There Bob Dylan stood, right in front of me, in all his glory, wearing his signature faded jeans and black motorcycle jacket. “Hi,” he said to me softly, ‘How are you doin’?”

This was all a bit too much for me to take in. Here I was going to a place that I thought would be trying to teach me to go back into time, to become like my grandmother, and here was the king of all things hip and cool, a 1960’s prophet, the master of rebellion against the establishment, right there in front of me, in the flesh.

Despite feeling as if I had been just struck by lightening, I mustered up a meek,’ I’m fine.” Then Bob Dylan came over to me and gave me a gentle pat on my back and said, ’It’s cool, don’t worry, everything is cool. It’s gonna be alright.” And he walked away, through the hallway and disappeared as fast as he had come.

I immediately found a payphone and called my friend David.

‘Bob Dylan is here! And he talked to me”

‘Then that must be a cool place,’ David said, and he later followed me to Crown Heights. After all, if Bob Dylan was there, then David was right, this was a cool place, and I felt better about being there. In fact, I felt like I was in the right place at the right time, and at that moment, I decided that if one of my teen idols was studying there, then I would stick it out too.

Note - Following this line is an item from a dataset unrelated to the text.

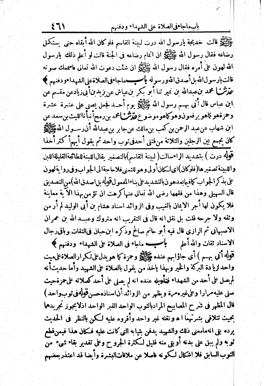 قَوْلُهُ: (أُتِيَ بِهِمْ) أَيْ جَاءُوا بِهِمْ عِنْدَهُ ـ صَلَّى اللَّهُ عَلَيْهِ وَسَلَّمَ ـ وَحَمْزَةُ كَمَا هُوَ يَدُلُّ عَلَى تَكْرَارِ الصَّلَاةِ عَلَى مَيِّتٍ وَاحِدٍ لِزِيَادَةِ الْبَرَكَةِ وَالْخَيْرِ وَبِهَذَا يَأْخُذُ مَنْ يَقُولُ بِالصَّلَاةِ عَلَى الشَّهِيدِ وَأَمَّا حَدِيثُ أَنَّهُ لَمْ يُصَلِّ عَلَى أَحَدٍ مِنَ الشُّهَدَاءِ فَتَأْوِيلُهُ عِنْدَهُ أَنَّهُ لَمْ يُصَلِّ عَلَى أَحَدٍ كَصَلَاتِهِ عَلَى حَمْزَةَ حَيْثُ صَلَّى عَلَيْهِ مِرَارًا وَعَلَى غَيْرِهِ مَرَّةً وَيَظْهَرُ مِنَ الزَّوَائِدِ أَنَّ إِسْنَادَهُ حَسَنٌ.

Bob Dylan never stayed the course as far as Yiddishkeit goes, he travelled a very zig zagged road, in and out of a number or religions. In a strange way though, one could say that Bob Dylan brought me back, with just a few kind words, when I was facing a fork in the road, he showed me the correct path.

Originally Posted on March 13, 2006

7 comments on “Bob Dylan and Me

  1. bob dylan has been the background music to my life. i keep on coming back to lines in songs at different times and they have been a great source of consolation and support.I use his insights in my work with drug addicted youth especially “he not busy beeing born is busy dying”..love and thanks to you all!

  2. Wow! It’s a small world.

    I stayed at the Lubavitch House in “S. Paul” for the last days of Yom Tov that year. I was disappointed at the time that I had missed out on meeting Bob Dylan by the Seder. But, it must have been determined Min Hashomayim that I didn’t need (or deserve?) that experience.

    Anyway, thanks for bringing back old memories.

    A freilichen Purim.

  3. Growing up in Far Rockaway, NY, I have another little Dylan tidbit. I don’t know if it’s true (urban legend?) but… The story goes that Dylan spent a week or so learning with Rabbi Sholomo Freifeld zt”l. He would travel by cab each day for his sessions. A local cab driver realized it was Dylan who was entering Yeshivas Sh’or Yoshuv and asked him why would he be intersted in that. As the story goes he answered “Out here is darkness, in there is light.”

  4. Dylan’s piece, “Percy’s Song” has the line “turn, turn, turn again”, which might be apt for this group, except that Dylan himself has clearly taken a wrong turn. What actually happened in his case to derail his earlier progress toward teshuva?